The lines to retype run from the one containing "Die Zentrale Design" through the end of the listing below. Reproduce them exactly, leaving out pictures.

Data provided
◇ ◇ ◇ ◇ ◇

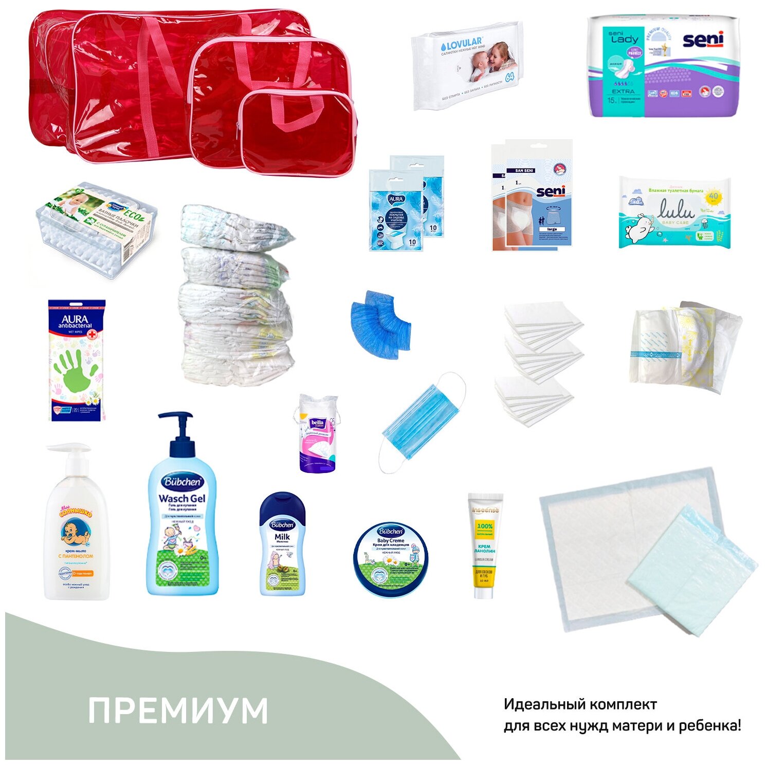 Купить Сумка в роддом для мамы и малыша готовая с наполнением, 26 предметов + 3 сумки, комплектация "Премиум", красная
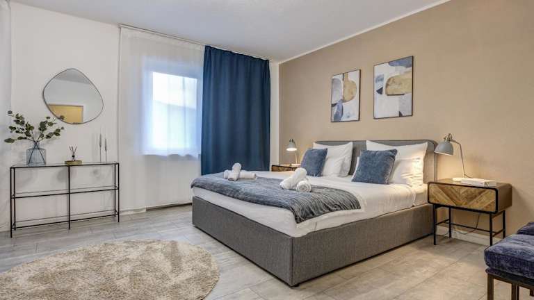 Die Zentrale Design Wohnung in Ufernähe bietet eine großzügige Fläche von 105 qm und ist mit modernen Annehmlichkeiten ausgestattet, darunter kostenloses WLAN und ein Flachbild-TV.
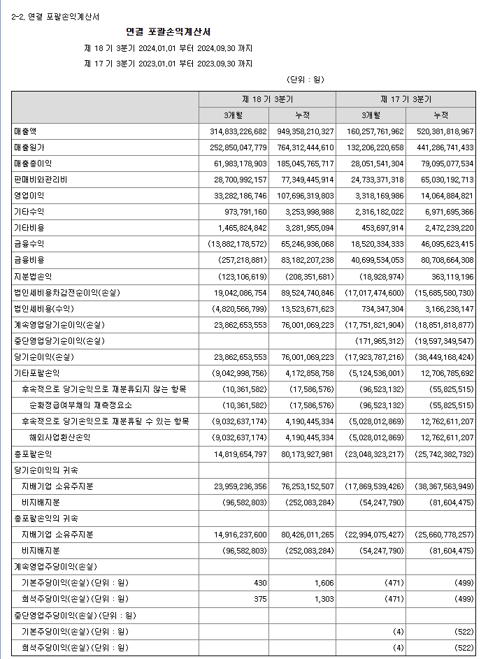 최근 분기보고서를 보겠습니다.

◇ ◇ ◇ ◇ ◇

Solution to this problem
 Die Zentrale Design Wohnung in Ufernähe bietet eine großzügige Fläche von 105 qm und ist mit modernen Annehmlichkeiten ausgestattet, darunter kostenloses WLAN und ein Flachbild-TV.
 최근 분기보고서를 보겠습니다.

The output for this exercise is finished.